So ok.. here are the bands, singers, performers,labels, promoters that made this year even better than the last. ladies and gentle beings here in no particular order are this years Wonderful Ones.

Part One HERE

The NBT Visual Page can be seen HERE
Frequency Theatre
The electro pop buzz of Mr Nate Butler. the zing of a full band but the soul of a tech wizz, the frenzy of a friday night dance floor and the danger of a jump into the unkown.

Nate Butler in his own words:

2010. The year with the cool numbers. For instance – October 10, 2010. All over downtown Chicago were banners with 10.10.10. advertising for the Chicago marathon. For Frequency Theater numbers had a lot to do with our triumphs and our tragedies.

In the triumph column: we played 32 shows this past year, while working 40+ hours a week, and with every member of the band working on music outside of the band as well. It’s not as many shows as I had hoped for – but certainly nothing to laugh at.
In the tragedy column: in ways that I can measure – our fan base has barely grown, and the band is a bit in the hole. We, along with most other independent musicians are scratching our heads and wondering how in the world we are going to ever make money at this.

Our show is quite technical, and after a couple near-disasters recently – we are coming to terms with the fact that to put on the kind of concert experience we want to, we are simply going to have to upgrade some of our equipment.

While all of this is a bit frustrating, let me leave you with this – at our last concert we played to nearly 500 people (who stayed through our entire show) and ended the night with over 60 kids from a marching band, and 15 or so from a youth choir. Those are numbers we like! If you want to know how we did it – head over to www.frequencytheater.com and ask around.

Thank you NBT for all of your help and support,

The Coal Porters

Sometimes a person who supports the independents gets to play his heroes. and so with great karma shining i got to feature and write about this band which featured Sid Griffin, from the Long Ryders (whose cover of Masters Of War still is one of my all time faves) and writer of Shelter From the Storm, the Bob Dylan Rolling Thunder treatise and a Bio of Gram Parsons.

BUT the beauty about the porters was that it was a BAND not just a man and his backing musicians, each player added to the music from the writing inwards, each instrument was a perfect fit. and theymanaged another damn beautiful cover, this time Like A Hurricane. but it was the self penned numbers that stuck with you even more. the kinda album you want to give to friends you REALLY like.

http://www.sidgriffin.com/the-coal-porters/

Sarathan Records

Sarathan head honch Jonathan Kochmer really liked what I wrote about them on the nbtMusic website, and since I meant every word here it is again 🙂

‚’I have worked with Sarathan for a couple of years now, and have found this one simple truth about them. They are honest.

Don’t wrinkle your nose there gentle reader, to find honesty in a label, within ALL their bands, to find truth in every bit of music that comes out from them, is a rare thing indeed.

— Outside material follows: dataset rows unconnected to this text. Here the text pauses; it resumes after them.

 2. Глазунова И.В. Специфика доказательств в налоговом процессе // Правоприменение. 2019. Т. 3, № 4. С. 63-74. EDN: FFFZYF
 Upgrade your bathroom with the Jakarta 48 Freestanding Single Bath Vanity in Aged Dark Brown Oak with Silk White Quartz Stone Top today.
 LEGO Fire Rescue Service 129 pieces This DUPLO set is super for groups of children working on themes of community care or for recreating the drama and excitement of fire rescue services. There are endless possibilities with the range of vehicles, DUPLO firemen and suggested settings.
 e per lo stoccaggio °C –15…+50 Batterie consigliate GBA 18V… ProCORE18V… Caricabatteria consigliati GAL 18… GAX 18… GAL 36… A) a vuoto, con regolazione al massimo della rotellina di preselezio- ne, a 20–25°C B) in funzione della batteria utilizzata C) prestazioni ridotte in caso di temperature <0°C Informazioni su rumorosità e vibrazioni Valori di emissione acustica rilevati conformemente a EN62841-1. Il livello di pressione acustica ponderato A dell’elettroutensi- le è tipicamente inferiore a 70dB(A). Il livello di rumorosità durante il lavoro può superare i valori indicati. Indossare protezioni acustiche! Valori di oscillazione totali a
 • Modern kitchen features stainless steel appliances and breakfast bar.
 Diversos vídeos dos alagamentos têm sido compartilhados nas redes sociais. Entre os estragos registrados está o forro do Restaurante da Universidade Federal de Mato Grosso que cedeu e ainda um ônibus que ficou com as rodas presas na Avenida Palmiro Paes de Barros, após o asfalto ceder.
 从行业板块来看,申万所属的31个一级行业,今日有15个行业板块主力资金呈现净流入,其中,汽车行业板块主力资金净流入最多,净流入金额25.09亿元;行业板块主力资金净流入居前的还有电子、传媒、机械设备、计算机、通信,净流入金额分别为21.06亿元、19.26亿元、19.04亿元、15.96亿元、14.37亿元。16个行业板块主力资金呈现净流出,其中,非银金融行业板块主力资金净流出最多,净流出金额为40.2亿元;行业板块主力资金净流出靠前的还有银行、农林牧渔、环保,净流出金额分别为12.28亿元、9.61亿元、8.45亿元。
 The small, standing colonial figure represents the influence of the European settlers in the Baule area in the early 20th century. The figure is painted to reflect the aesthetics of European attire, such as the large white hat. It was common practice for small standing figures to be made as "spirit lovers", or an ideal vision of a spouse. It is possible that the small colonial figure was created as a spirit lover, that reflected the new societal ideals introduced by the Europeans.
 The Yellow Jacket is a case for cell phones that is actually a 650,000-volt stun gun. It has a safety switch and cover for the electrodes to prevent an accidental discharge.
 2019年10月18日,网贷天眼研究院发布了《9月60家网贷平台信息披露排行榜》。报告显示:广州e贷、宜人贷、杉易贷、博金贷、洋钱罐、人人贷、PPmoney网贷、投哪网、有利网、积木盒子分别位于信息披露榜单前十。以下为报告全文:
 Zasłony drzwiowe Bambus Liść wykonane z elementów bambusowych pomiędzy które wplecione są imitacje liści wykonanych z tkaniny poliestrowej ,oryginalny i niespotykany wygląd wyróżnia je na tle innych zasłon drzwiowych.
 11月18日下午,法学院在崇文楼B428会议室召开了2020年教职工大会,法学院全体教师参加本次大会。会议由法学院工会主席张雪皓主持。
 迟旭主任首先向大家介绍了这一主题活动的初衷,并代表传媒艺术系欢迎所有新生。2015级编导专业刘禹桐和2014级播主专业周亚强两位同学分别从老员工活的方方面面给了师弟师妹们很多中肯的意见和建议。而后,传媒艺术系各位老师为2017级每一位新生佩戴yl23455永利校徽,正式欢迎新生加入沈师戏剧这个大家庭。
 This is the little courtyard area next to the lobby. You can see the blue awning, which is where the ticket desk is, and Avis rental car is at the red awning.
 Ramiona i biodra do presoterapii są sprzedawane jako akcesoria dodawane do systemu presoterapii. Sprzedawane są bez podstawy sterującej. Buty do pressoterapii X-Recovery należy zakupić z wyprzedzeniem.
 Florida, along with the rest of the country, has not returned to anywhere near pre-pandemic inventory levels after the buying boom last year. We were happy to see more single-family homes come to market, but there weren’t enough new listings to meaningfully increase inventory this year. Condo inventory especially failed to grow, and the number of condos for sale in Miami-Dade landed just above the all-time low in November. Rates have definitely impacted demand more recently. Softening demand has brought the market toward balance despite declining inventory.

I believe in every act that I hear from them, but more than that I want to play every act that they have, write about them, and dance to them, go on adventures with them. The label is gently eclectic but each band FITS, there is a rhythm a vibe that joins them. Like perhaps Saddle Creek, Domino or the great 4AD, this is a label that when an innocent musiclover goes into a shop or online and sees that fluttering bird or the name Sarathan, they know the music will be cool, quality and most of all HONEST.‘

Jonathan in his own words:

2010 has been a year of transformation for Sarathan Records. It started like any other year with the release of great CDs by our two Seattle-based indie-rock projects: Feral Children’s Brand “New Blood” and Thunder Buffalo’s self-titled “Thunder Buffalo”. Peter Bradley Adams has continued winning choice placement of songs from his solo releases “Leavetaking” and “Traces” in many TV shows and films. Feral Children and Two Loons for Tea both did some touring in large venues on the East Coast, and Thunder Buffalo had a truly epic DIY one-month tour playing everywhere from city parks in small midwestern towns to well-established venues in big cities. And, of course, being an Internet-centric company, Sarathan continued expanding our reach to bloggers, podcasters and Internet radio stations throughout the world. 
But change was in the air! And came to us in the form of a resurrected idea, a ghost that had been lingering in the back of our minds for years: Sarathan Online Services. The challenge for Sarathan, like many other record labels, is that sales of recorded music continues to plummet, and the prices consumers are willing to pay for music also has continued to fall. What’s a small music business to do? The solution came from resolving a paradox: Sarathan’s online reach had expanded such that we had the power to support many more musicians than Sarathan could sign. We realized we could create a new services division to support the many non-Sarathan artists who we respect, and Sarathan Online Services was born (and appropriately abbreviates to “SOS”! http://www.sarathanonlineservies.com). Though SOS was designed to come to the aid of artists struggling to establish themselves online, SOS has also reinvigorated the label with a stronger sense of purpose. We’ve never been more committed to the idea of sharing good, independent music with the rest of the world.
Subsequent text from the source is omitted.